On the video sharing site YouTube, the priorities are not as much the most important or pressing topic of the week, but rather what image or video was the most interesting to view. Often these came in the form of political gaffes or humorous acts captured on camera. And the geographic mix here was strongest with many videos from foreign lands.
The style of citizen participation differs as well. While there is a place for people to comment on a clip they are viewing, most do not. Instead, their involvement comes in selecting among all the millions of videos available and then sometimes sharing that choice with others. There does not need to be as much personal attachment to activities here. Partly as a result, clicks do not convey the same sense of public endorsement as in other types of social media.

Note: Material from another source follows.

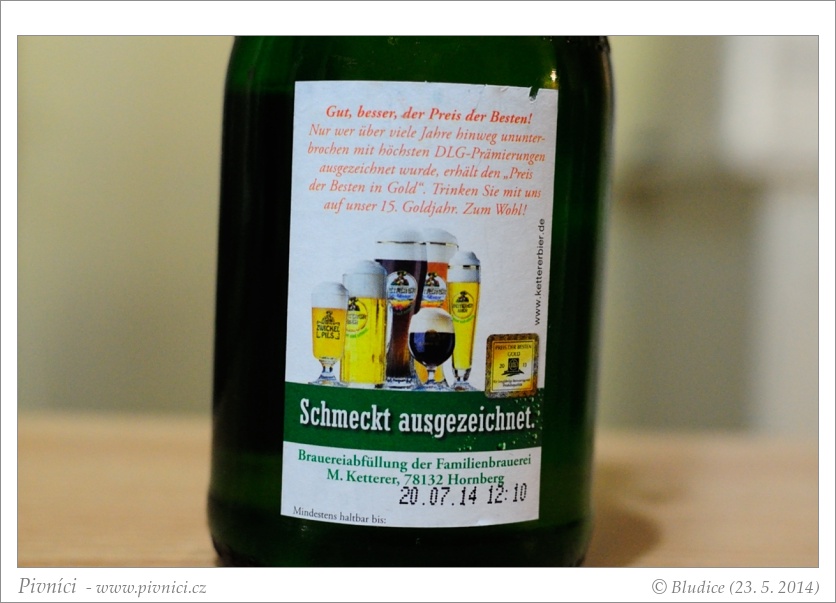 Krásně nachmelený nefiltrovaný Pils, jen je škoda té přihlouplé zelené láhve.Minimální trvanlivost: 20. 7. 2014

This less personal quality may be part of YouTube’s appeal. The total number of people viewing popular clips is far greater than the number of people who tend to link to and comment on news stories. Top news videos are often viewed millions of times in one week. For example, the October CNN interview with the “balloon boy” family was viewed more than 2.5 million times that week. [1] Popular stories in the blogosphere, on the other hand, garner somewhere around 300 to 500 links in a week. But they do not tend to stay popular any longer. Just 9% of these videos remained at the top for more than one week, versus 5% of top stories on Twitter and 13% on blogs. [2]
Topics
Like both Twitter and blogs, the news agenda on YouTube rarely coincided with that of the mainstream press. In only eight of the 49 weeks studied was the top video about the same subject that also led the traditional media. Of those eight occasions, three of them involved footage of discussing the health care reform bill (often with contentious opposition), and two of them were videos about the protests in Iran.
So if the most watched videos of the day are not similar to what is in the mainstream press, what news events are people choosing to view?

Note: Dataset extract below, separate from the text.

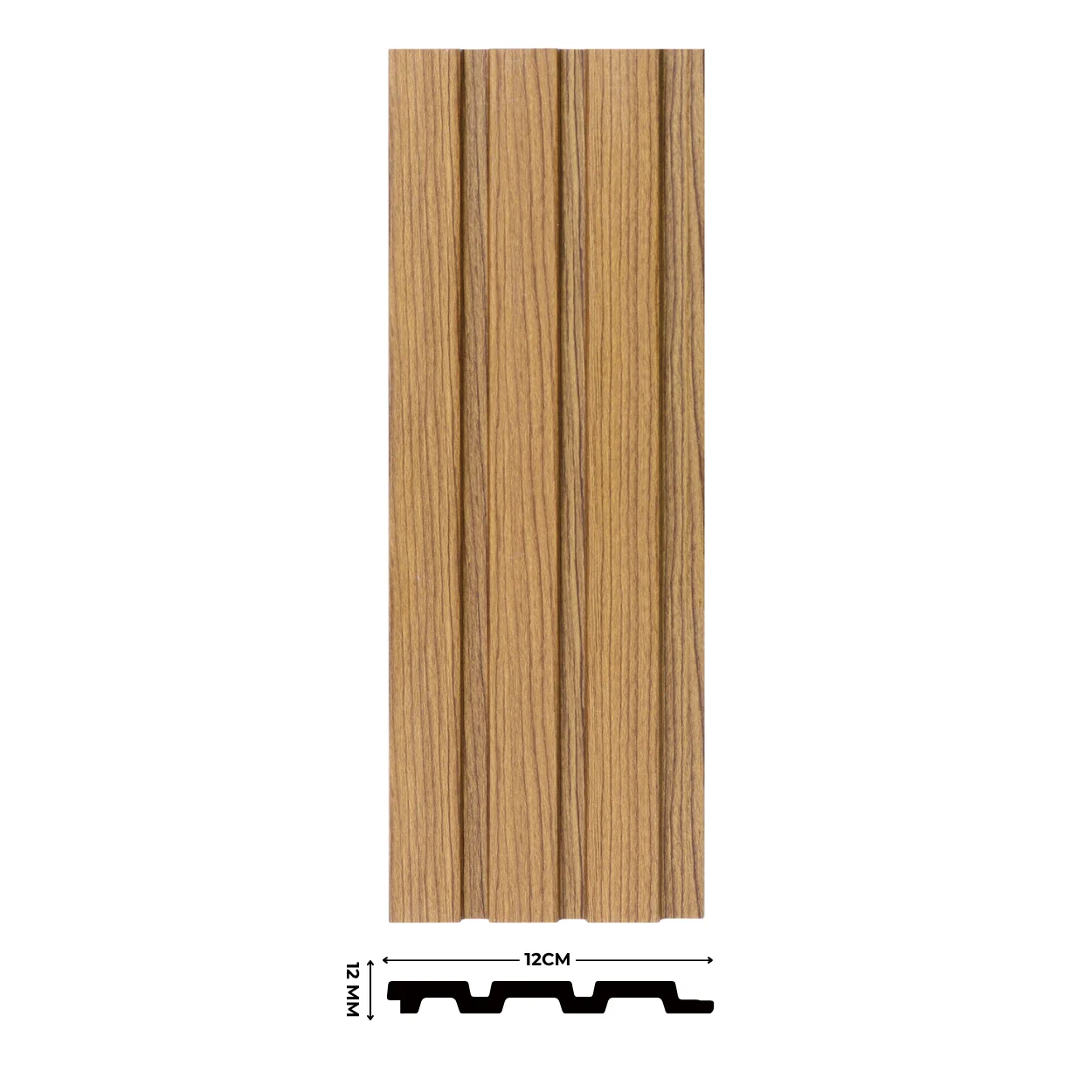 بديل خشب  مستورد من خامة PS، بتصميم عصري، عرض 12 سم وسمك 12 مم، يمنح لمسة ديكور راقية ومقاومة عالية للرطوبة والعوامل الجوية.

The answer is that most of the top videos have a visual and dynamic quality that makes people want to share them with other people.
In some instances, that quality can be of a politician’s or celebrity’s gaffe. For example, the week of August 10, during the heat of the town hall protests involving health care reform, the most viewed video was of Rep. Sheila Jackson Lee appearing rather callous by answering her cell phone while a constituent was sharing a personal story.
A number of the most popular videos are of a humorous nature. In March, for instance, the top video was of an unidentified city council meeting that was interrupted by the sounds of flatulence.
And many of the most watched videos are of things that are too good, or too bad, to be believed. The performance of British singing sensation Susan Boyle on the television show Britain’s Got Talent was the most popular video one week in June and was estimated to have been viewed more than 100 million times in less than one month.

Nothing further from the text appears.